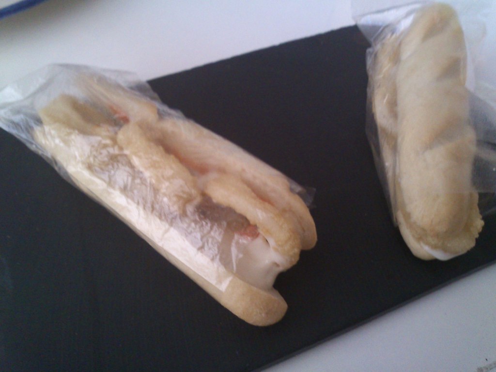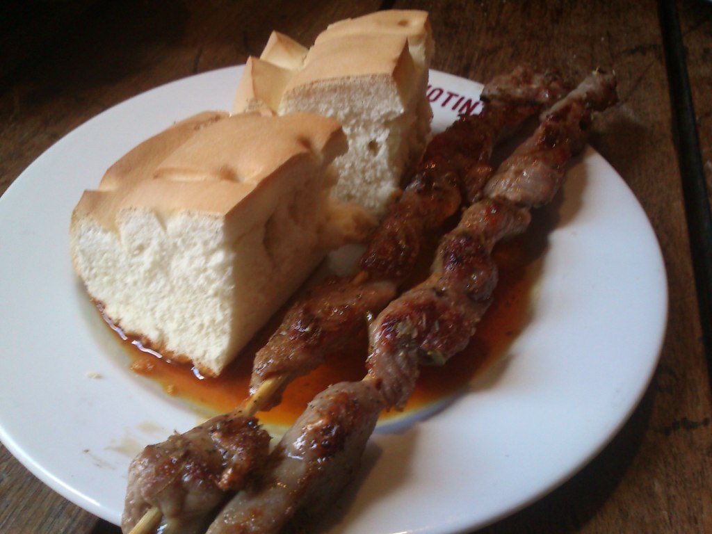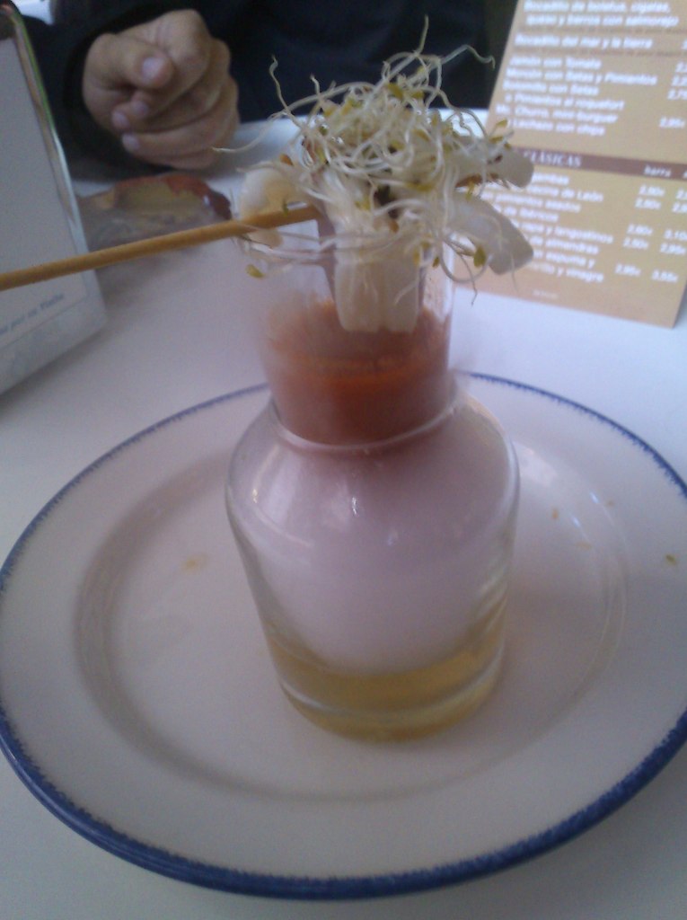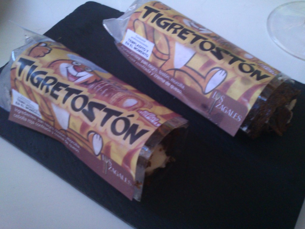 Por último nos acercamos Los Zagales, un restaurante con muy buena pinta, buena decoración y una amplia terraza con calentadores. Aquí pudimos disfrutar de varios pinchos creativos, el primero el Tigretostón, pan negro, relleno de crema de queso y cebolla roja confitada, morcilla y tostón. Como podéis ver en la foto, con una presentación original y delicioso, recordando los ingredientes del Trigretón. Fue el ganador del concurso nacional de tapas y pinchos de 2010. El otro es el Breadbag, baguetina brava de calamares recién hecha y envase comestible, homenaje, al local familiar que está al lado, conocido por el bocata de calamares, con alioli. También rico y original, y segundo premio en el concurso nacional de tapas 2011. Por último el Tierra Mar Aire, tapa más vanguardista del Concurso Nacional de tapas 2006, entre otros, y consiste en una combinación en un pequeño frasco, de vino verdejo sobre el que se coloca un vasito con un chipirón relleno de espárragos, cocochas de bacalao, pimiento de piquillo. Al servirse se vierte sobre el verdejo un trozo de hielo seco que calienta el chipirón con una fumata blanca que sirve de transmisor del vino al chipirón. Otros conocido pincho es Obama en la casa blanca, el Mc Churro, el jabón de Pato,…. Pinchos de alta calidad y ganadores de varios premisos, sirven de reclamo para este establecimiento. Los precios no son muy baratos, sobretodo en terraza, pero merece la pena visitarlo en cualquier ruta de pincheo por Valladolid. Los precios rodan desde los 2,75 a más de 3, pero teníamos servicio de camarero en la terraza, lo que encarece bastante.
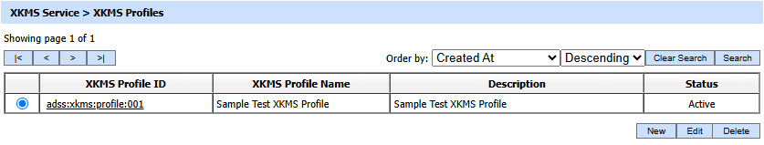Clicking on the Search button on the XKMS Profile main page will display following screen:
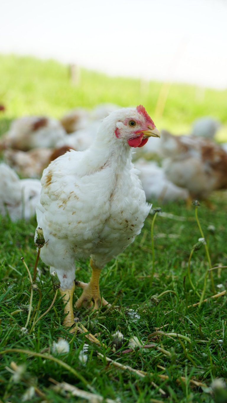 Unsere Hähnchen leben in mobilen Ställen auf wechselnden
---
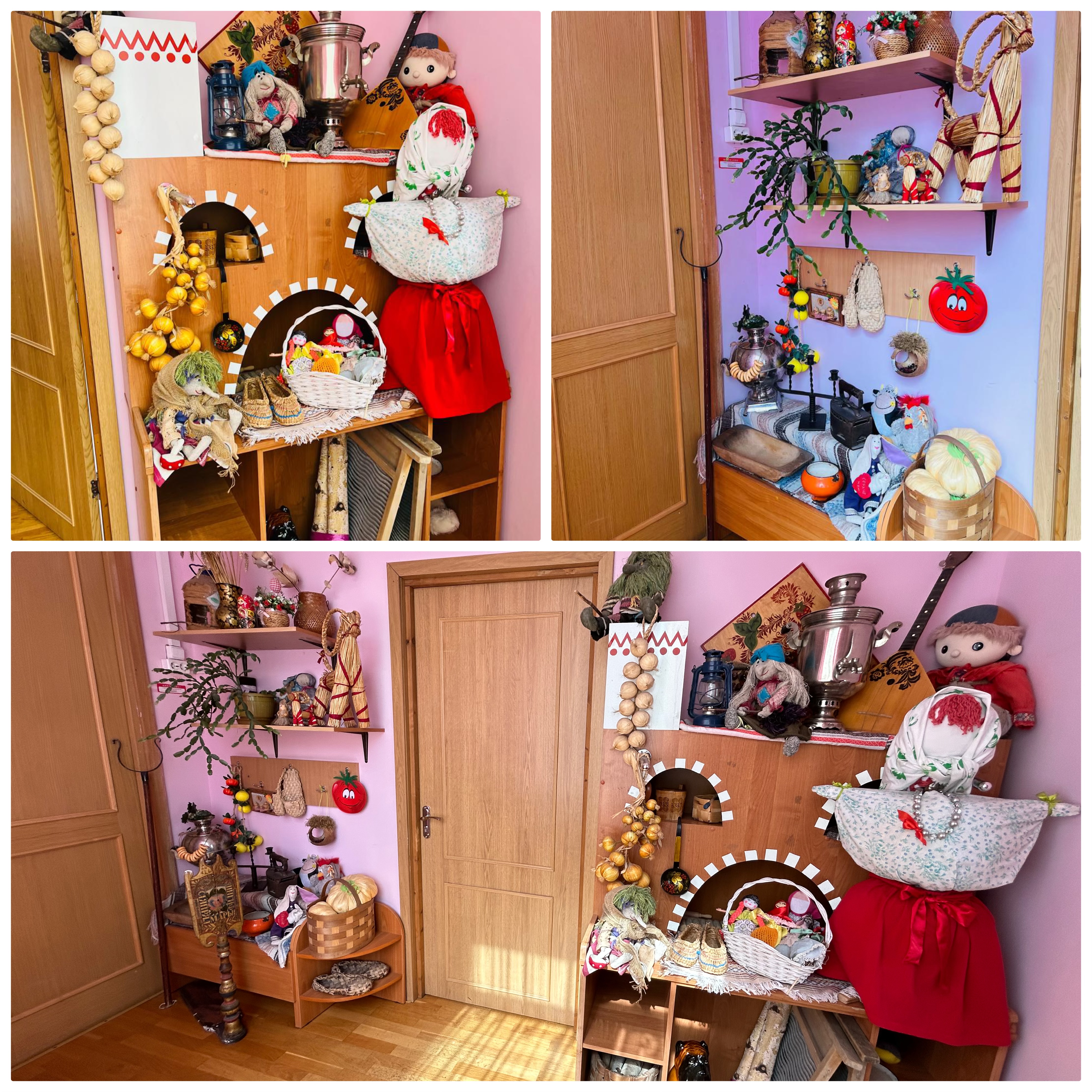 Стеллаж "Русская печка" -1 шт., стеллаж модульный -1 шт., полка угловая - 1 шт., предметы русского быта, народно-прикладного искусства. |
...
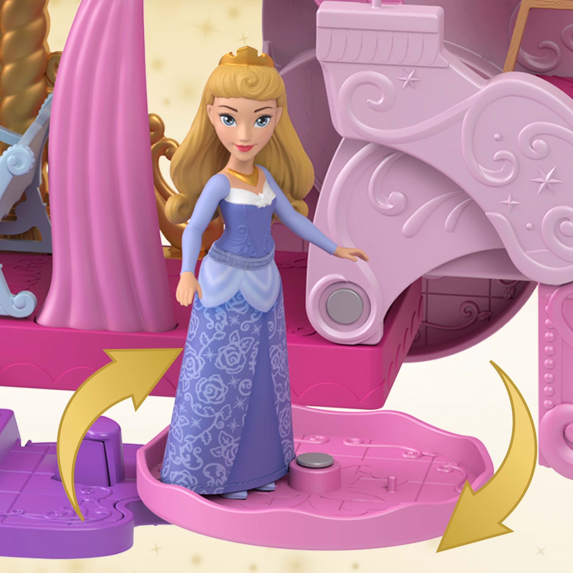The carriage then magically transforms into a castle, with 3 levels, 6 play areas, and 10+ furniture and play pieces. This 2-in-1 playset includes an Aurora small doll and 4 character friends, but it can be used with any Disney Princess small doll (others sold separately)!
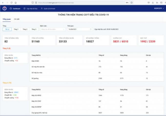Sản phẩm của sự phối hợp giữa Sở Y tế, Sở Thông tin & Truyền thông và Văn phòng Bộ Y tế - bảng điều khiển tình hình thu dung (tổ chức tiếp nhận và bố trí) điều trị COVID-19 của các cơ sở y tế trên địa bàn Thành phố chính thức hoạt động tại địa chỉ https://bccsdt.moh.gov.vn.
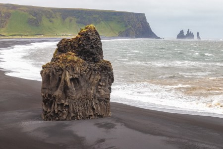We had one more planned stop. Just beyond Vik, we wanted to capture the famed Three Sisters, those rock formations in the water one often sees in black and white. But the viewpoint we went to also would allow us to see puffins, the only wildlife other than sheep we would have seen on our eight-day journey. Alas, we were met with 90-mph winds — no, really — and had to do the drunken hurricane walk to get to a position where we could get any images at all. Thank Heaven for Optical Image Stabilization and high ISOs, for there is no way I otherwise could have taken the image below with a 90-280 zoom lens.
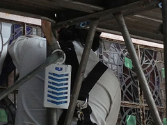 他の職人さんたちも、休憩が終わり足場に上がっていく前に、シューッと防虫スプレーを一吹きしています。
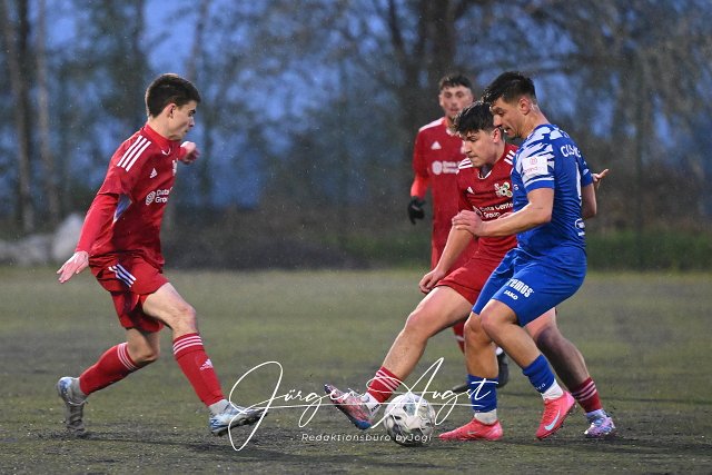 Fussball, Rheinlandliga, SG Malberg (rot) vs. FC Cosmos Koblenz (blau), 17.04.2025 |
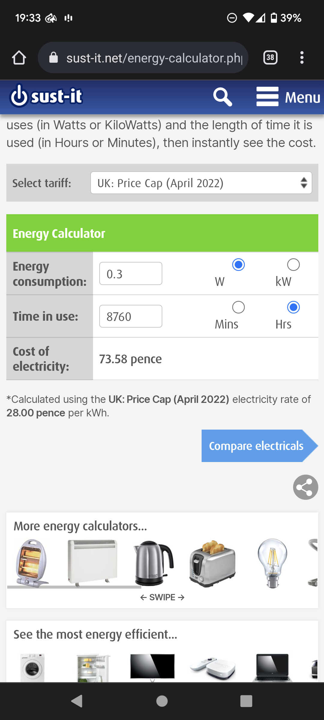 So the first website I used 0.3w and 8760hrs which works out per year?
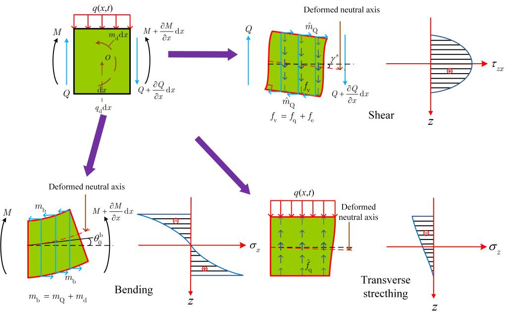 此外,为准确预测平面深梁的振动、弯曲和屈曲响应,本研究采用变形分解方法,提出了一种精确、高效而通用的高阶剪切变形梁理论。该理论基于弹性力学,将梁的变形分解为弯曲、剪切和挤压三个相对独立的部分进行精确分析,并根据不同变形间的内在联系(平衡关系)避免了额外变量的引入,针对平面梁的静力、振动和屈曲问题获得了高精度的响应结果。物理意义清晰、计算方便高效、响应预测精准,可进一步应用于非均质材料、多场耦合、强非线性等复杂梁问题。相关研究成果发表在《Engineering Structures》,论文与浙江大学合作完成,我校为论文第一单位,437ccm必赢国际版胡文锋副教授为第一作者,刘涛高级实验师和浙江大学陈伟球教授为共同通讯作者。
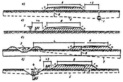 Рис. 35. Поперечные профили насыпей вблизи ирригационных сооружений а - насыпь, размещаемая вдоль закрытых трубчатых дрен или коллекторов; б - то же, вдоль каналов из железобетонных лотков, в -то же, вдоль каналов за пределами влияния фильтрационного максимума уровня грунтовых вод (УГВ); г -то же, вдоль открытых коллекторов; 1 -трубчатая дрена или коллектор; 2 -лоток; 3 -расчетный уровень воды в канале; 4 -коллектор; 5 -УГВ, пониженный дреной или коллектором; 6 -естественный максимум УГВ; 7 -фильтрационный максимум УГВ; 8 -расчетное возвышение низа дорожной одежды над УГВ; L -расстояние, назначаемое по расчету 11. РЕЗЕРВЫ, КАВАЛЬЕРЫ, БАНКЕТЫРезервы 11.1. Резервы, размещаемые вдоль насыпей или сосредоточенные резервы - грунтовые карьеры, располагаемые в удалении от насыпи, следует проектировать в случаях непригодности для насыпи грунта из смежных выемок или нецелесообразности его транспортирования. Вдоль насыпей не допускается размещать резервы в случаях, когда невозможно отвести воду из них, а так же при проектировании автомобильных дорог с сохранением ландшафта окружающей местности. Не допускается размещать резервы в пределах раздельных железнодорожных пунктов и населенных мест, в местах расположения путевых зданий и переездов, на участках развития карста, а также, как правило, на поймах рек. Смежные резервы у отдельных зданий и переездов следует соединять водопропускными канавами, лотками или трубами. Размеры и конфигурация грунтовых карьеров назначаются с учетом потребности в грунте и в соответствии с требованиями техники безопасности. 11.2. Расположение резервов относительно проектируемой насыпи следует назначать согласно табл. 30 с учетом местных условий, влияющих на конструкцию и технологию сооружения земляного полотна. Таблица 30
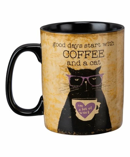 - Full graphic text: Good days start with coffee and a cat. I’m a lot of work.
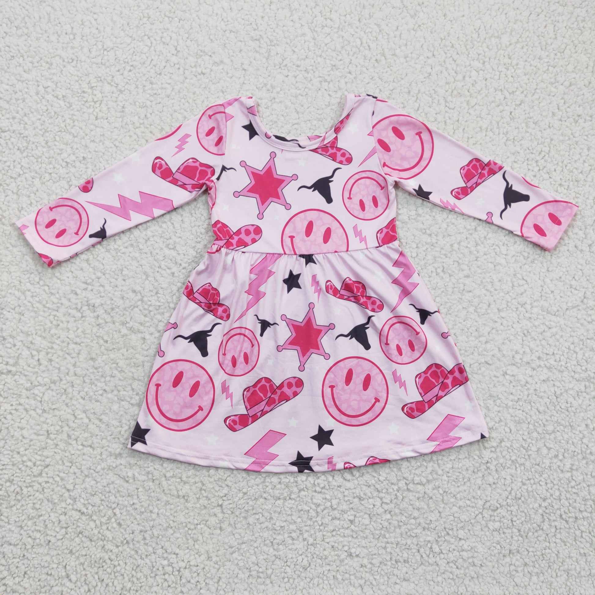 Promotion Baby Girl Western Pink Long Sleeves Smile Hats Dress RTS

Activity:
Using the entries above, write out exactly the lines from the one with "So the first" through the one with "此外,为准确预测平面深梁的振", ends included. Leave out any pictures.

Expected answer:
 So the first website I used 0.3w and 8760hrs which works out per year?
 此外,为准确预测平面深梁的振动、弯曲和屈曲响应,本研究采用变形分解方法,提出了一种精确、高效而通用的高阶剪切变形梁理论。该理论基于弹性力学,将梁的变形分解为弯曲、剪切和挤压三个相对独立的部分进行精确分析,并根据不同变形间的内在联系(平衡关系)避免了额外变量的引入,针对平面梁的静力、振动和屈曲问题获得了高精度的响应结果。物理意义清晰、计算方便高效、响应预测精准,可进一步应用于非均质材料、多场耦合、强非线性等复杂梁问题。相关研究成果发表在《Engineering Structures》,论文与浙江大学合作完成,我校为论文第一单位,437ccm必赢国际版胡文锋副教授为第一作者,刘涛高级实验师和浙江大学陈伟球教授为共同通讯作者。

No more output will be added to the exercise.